Print, exactly and without pictures, the lines from the one where "I have just" appears down to the end of the entries.
[Entries provided — start]
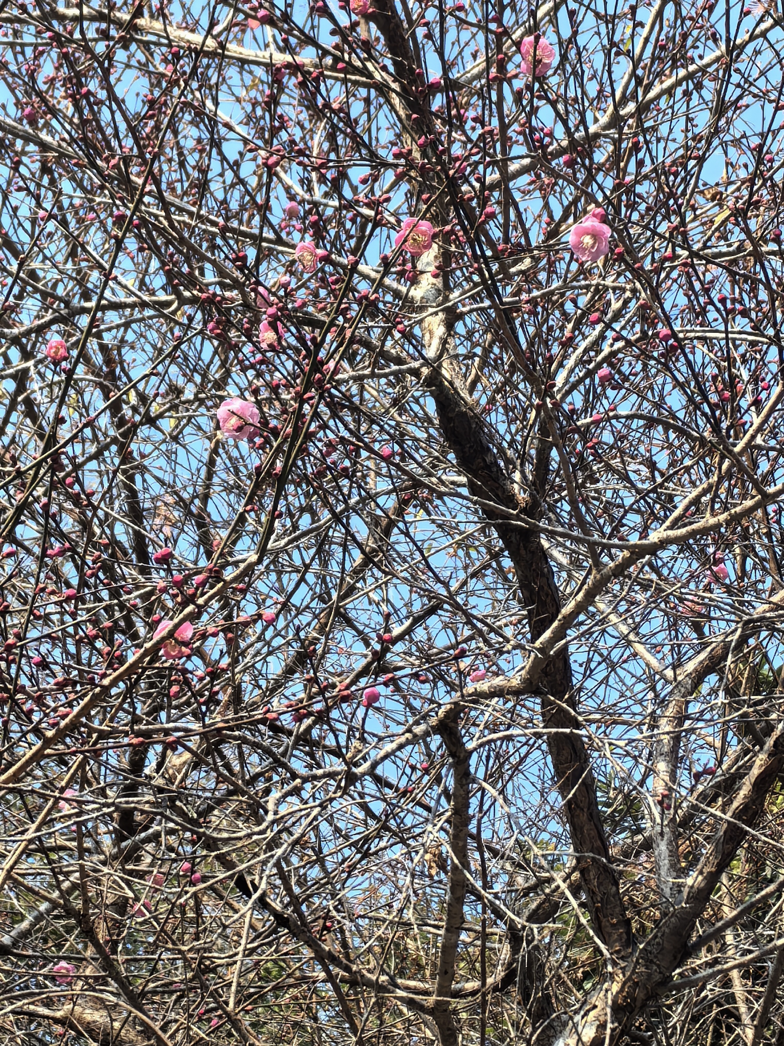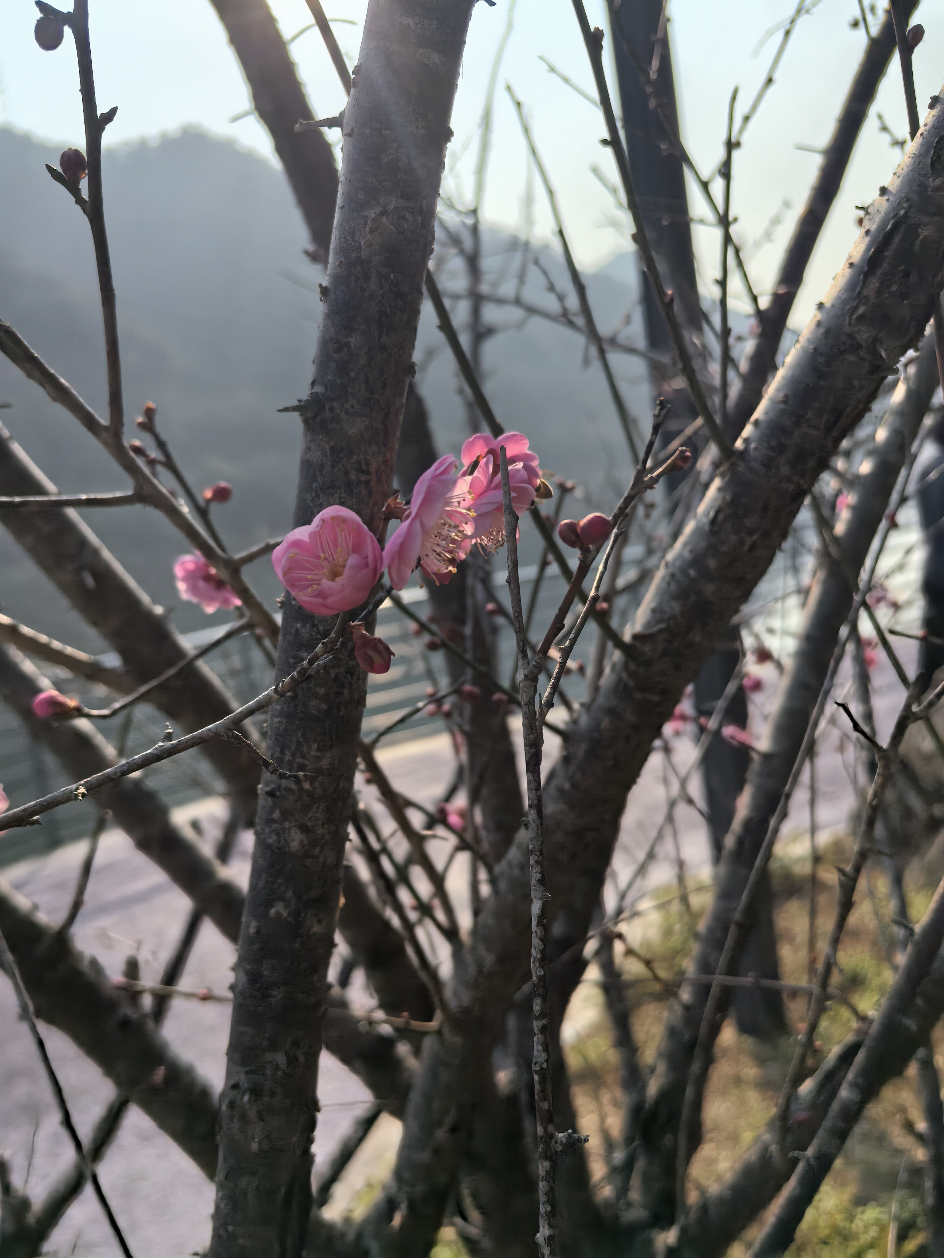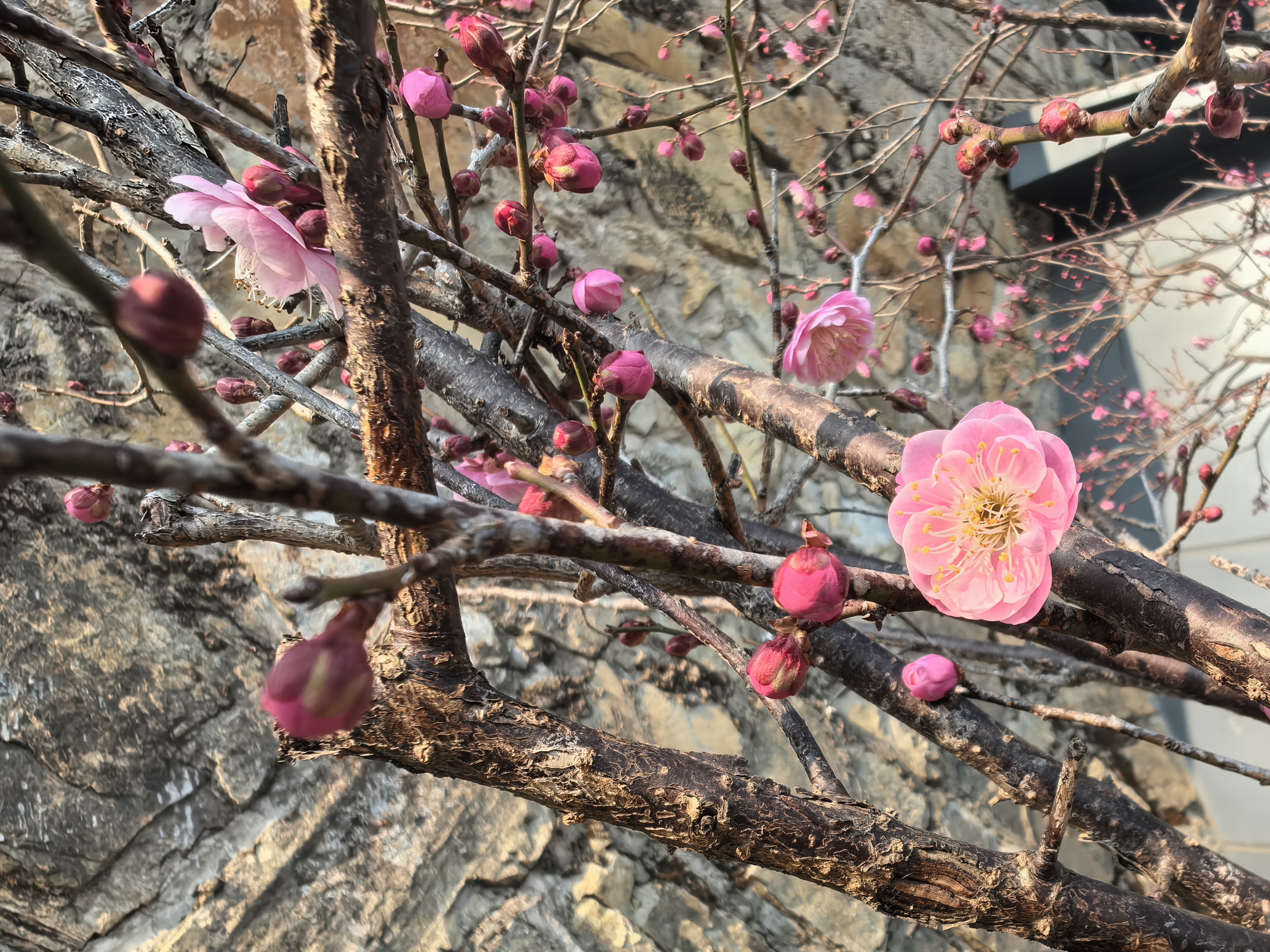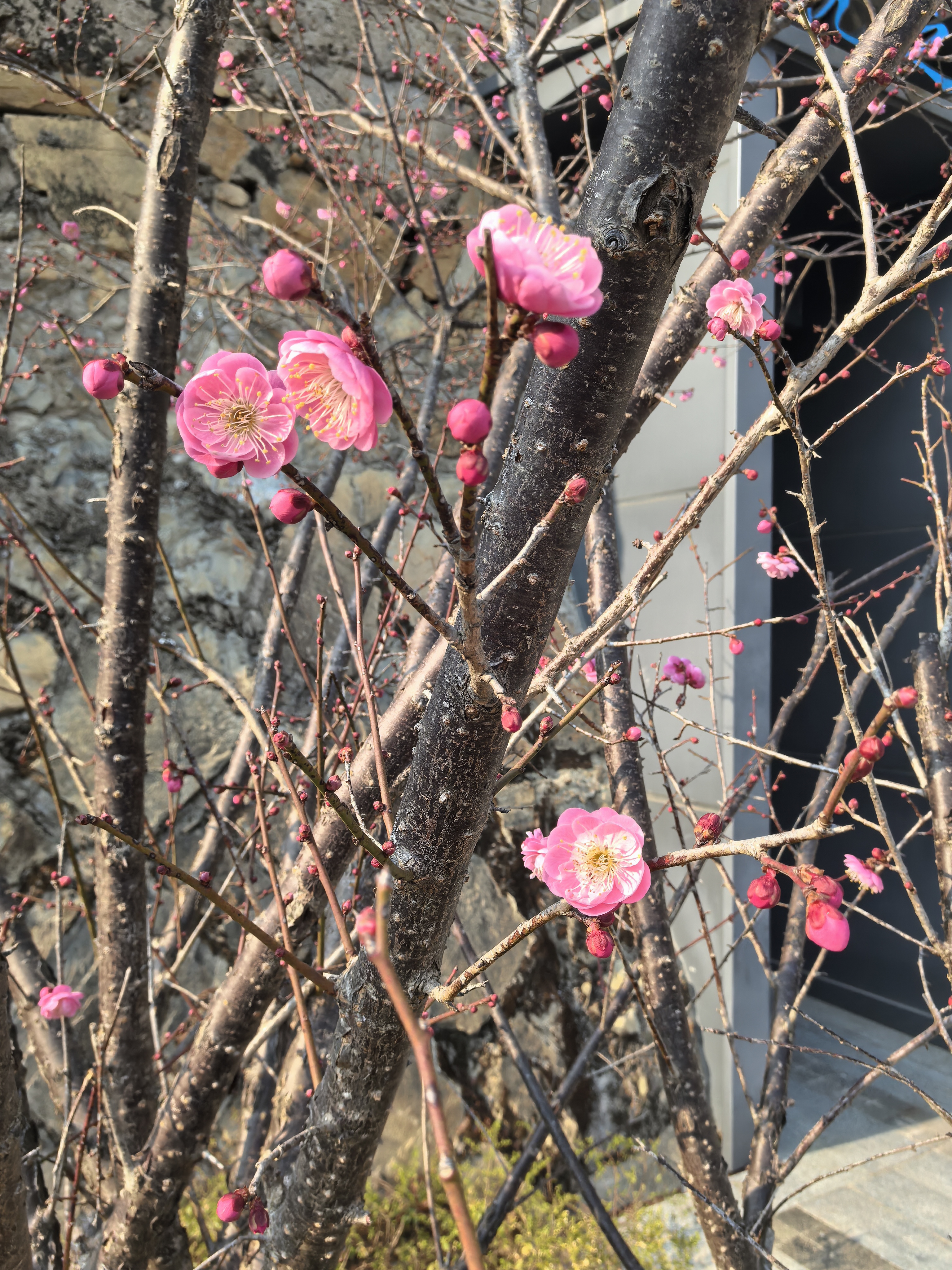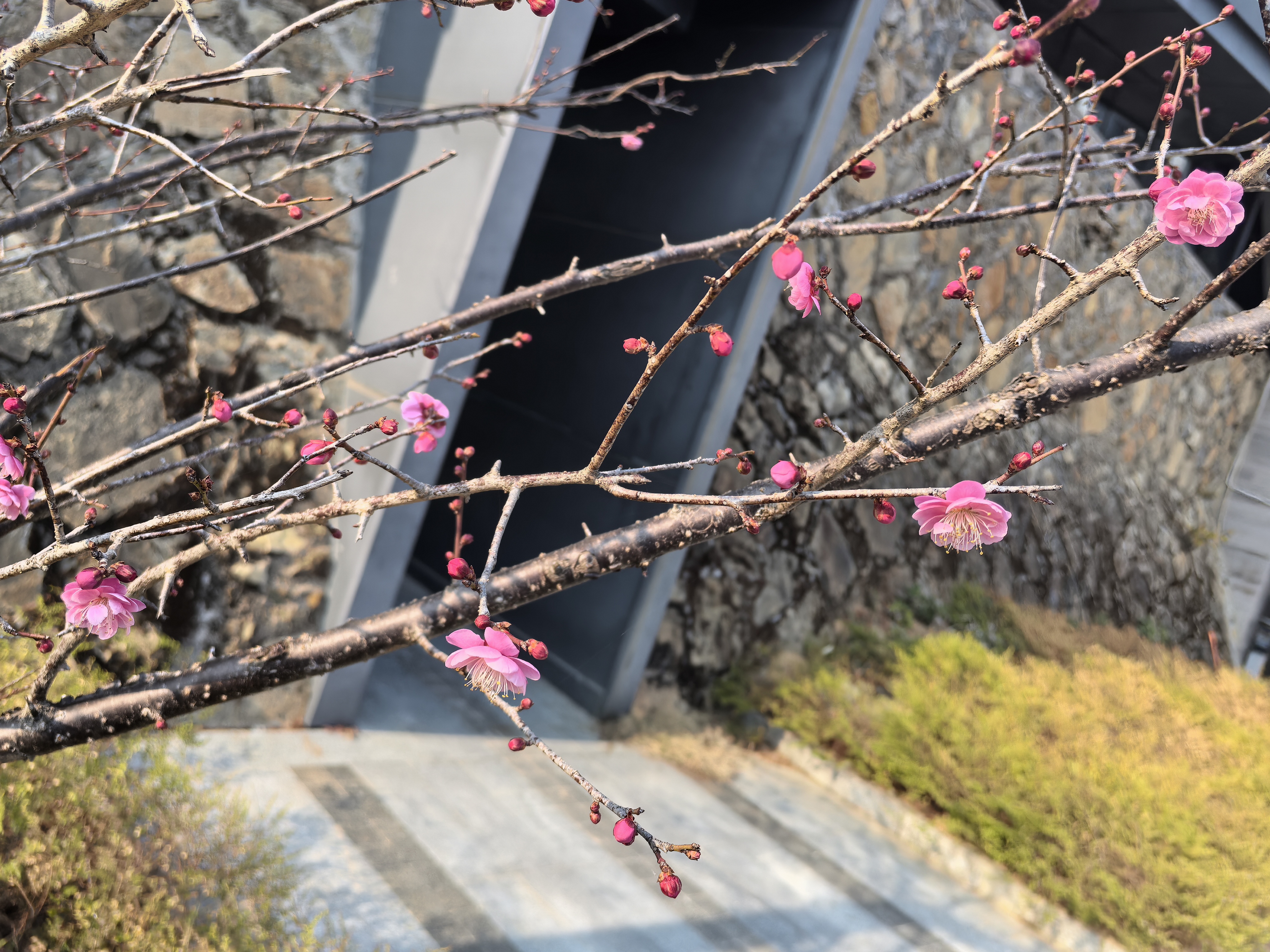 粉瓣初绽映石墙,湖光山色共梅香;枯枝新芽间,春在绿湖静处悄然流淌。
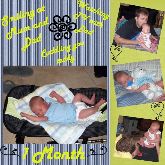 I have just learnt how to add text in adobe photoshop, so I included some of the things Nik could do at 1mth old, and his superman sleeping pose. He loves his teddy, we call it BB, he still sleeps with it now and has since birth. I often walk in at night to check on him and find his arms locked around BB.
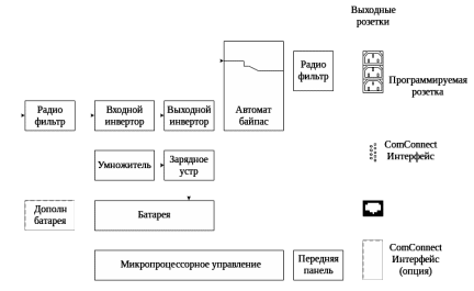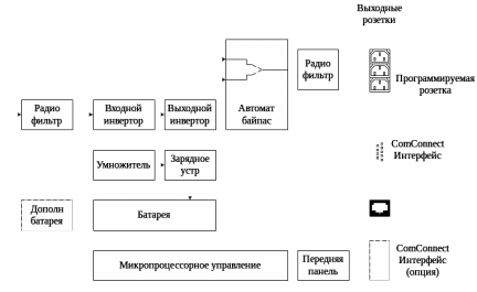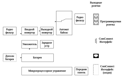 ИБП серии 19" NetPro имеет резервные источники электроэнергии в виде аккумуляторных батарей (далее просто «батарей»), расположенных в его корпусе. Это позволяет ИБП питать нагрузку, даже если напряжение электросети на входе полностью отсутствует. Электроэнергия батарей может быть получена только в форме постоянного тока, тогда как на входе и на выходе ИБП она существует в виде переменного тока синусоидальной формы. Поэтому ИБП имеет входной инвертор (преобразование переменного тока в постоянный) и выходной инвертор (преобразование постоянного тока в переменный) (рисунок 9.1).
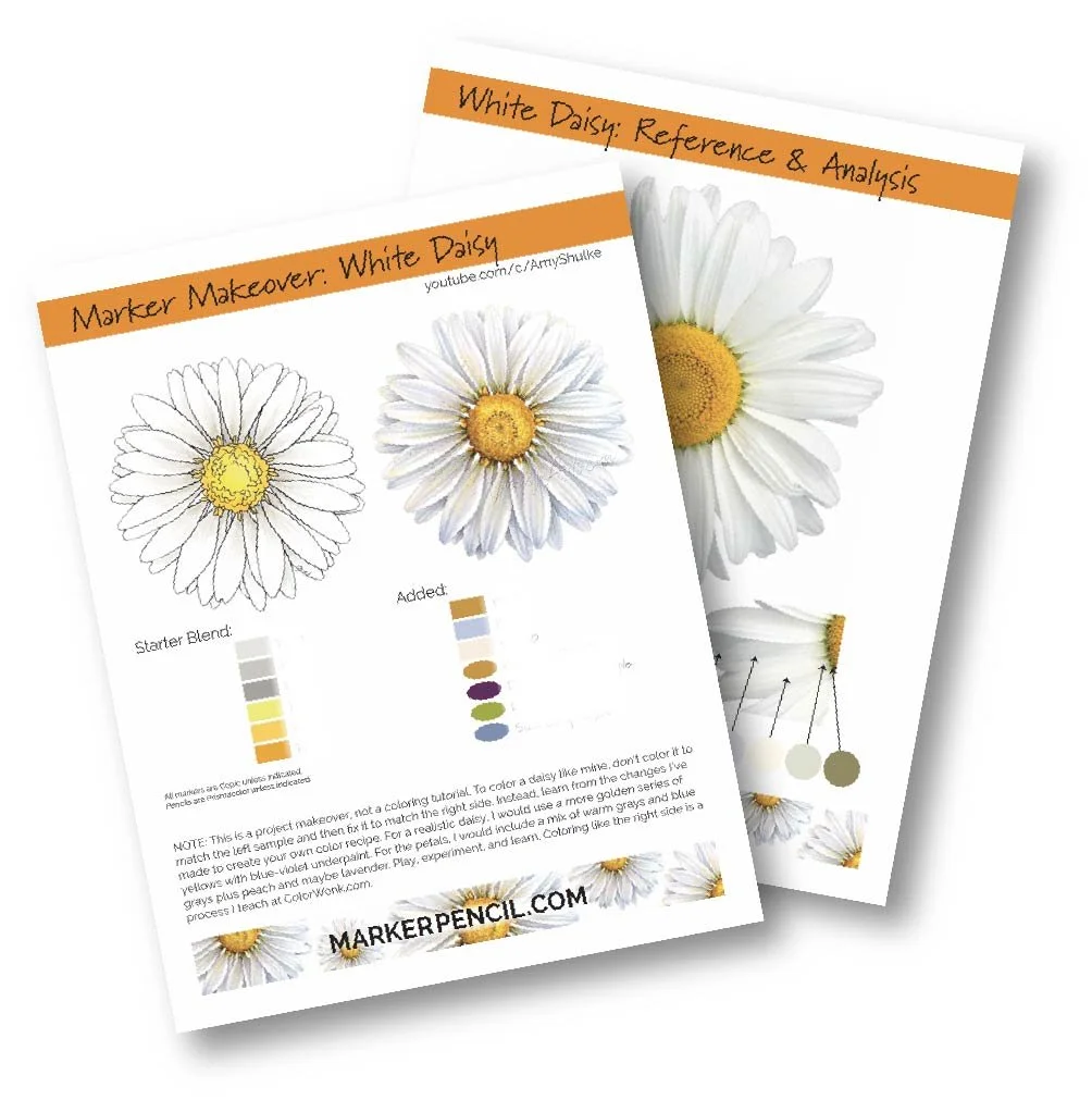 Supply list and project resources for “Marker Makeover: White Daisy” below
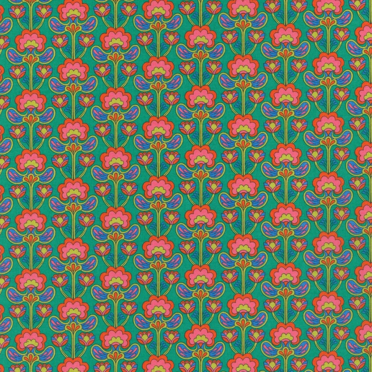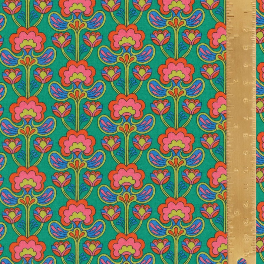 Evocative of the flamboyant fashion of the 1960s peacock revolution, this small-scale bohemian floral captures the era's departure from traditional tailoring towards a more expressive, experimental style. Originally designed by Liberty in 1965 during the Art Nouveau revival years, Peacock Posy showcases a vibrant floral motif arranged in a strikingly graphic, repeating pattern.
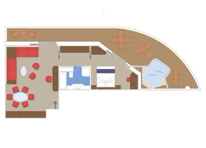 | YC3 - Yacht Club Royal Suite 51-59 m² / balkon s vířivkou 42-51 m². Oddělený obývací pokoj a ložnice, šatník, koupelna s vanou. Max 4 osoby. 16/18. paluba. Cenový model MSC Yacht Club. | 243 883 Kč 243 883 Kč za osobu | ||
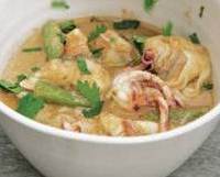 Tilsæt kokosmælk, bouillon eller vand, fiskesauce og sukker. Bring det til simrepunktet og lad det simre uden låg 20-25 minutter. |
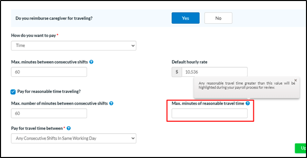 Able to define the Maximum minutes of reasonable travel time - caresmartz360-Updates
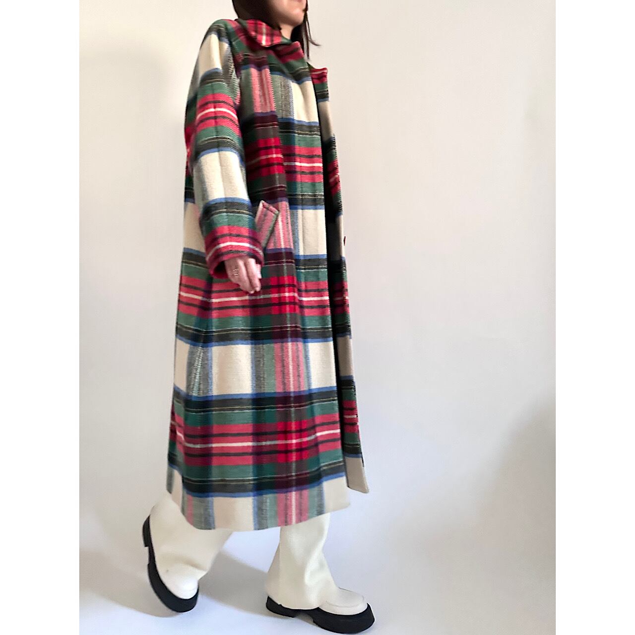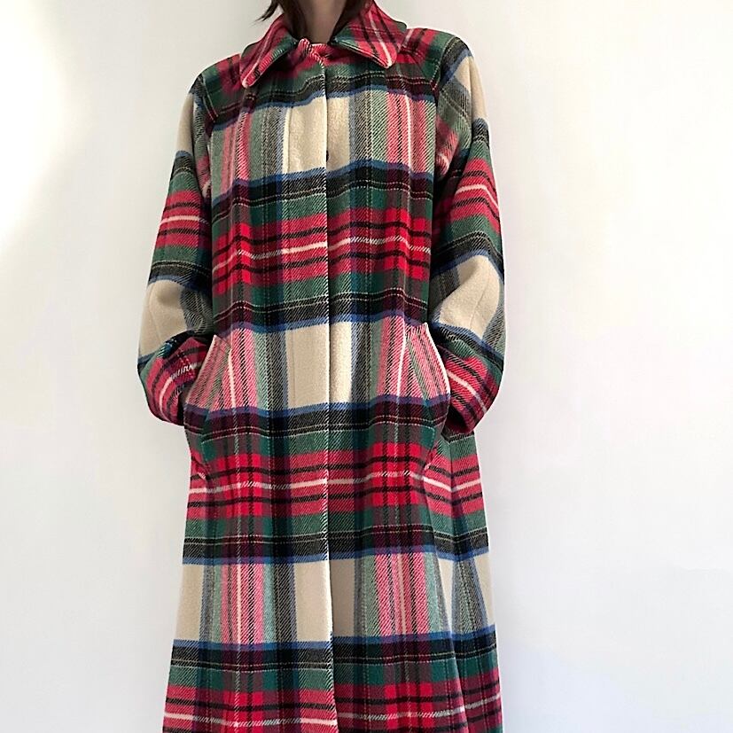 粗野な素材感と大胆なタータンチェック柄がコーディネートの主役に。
[Entries provided — finish]
Written solution
 I have just learnt how to add text in adobe photoshop, so I included some of the things Nik could do at 1mth old, and his superman sleeping pose. He loves his teddy, we call it BB, he still sleeps with it now and has since birth. I often walk in at night to check on him and find his arms locked around BB.
 ИБП серии 19" NetPro имеет резервные источники электроэнергии в виде аккумуляторных батарей (далее просто «батарей»), расположенных в его корпусе. Это позволяет ИБП питать нагрузку, даже если напряжение электросети на входе полностью отсутствует. Электроэнергия батарей может быть получена только в форме постоянного тока, тогда как на входе и на выходе ИБП она существует в виде переменного тока синусоидальной формы. Поэтому ИБП имеет входной инвертор (преобразование переменного тока в постоянный) и выходной инвертор (преобразование постоянного тока в переменный) (рисунок 9.1).
 Supply list and project resources for “Marker Makeover: White Daisy” below
 Evocative of the flamboyant fashion of the 1960s peacock revolution, this small-scale bohemian floral captures the era's departure from traditional tailoring towards a more expressive, experimental style. Originally designed by Liberty in 1965 during the Art Nouveau revival years, Peacock Posy showcases a vibrant floral motif arranged in a strikingly graphic, repeating pattern.
 | YC3 - Yacht Club Royal Suite 51-59 m² / balkon s vířivkou 42-51 m². Oddělený obývací pokoj a ložnice, šatník, koupelna s vanou. Max 4 osoby. 16/18. paluba. Cenový model MSC Yacht Club. | 243 883 Kč 243 883 Kč za osobu | ||
 Tilsæt kokosmælk, bouillon eller vand, fiskesauce og sukker. Bring det til simrepunktet og lad det simre uden låg 20-25 minutter. |
 Able to define the Maximum minutes of reasonable travel time - caresmartz360-Updates
 粗野な素材感と大胆なタータンチェック柄がコーディネートの主役に。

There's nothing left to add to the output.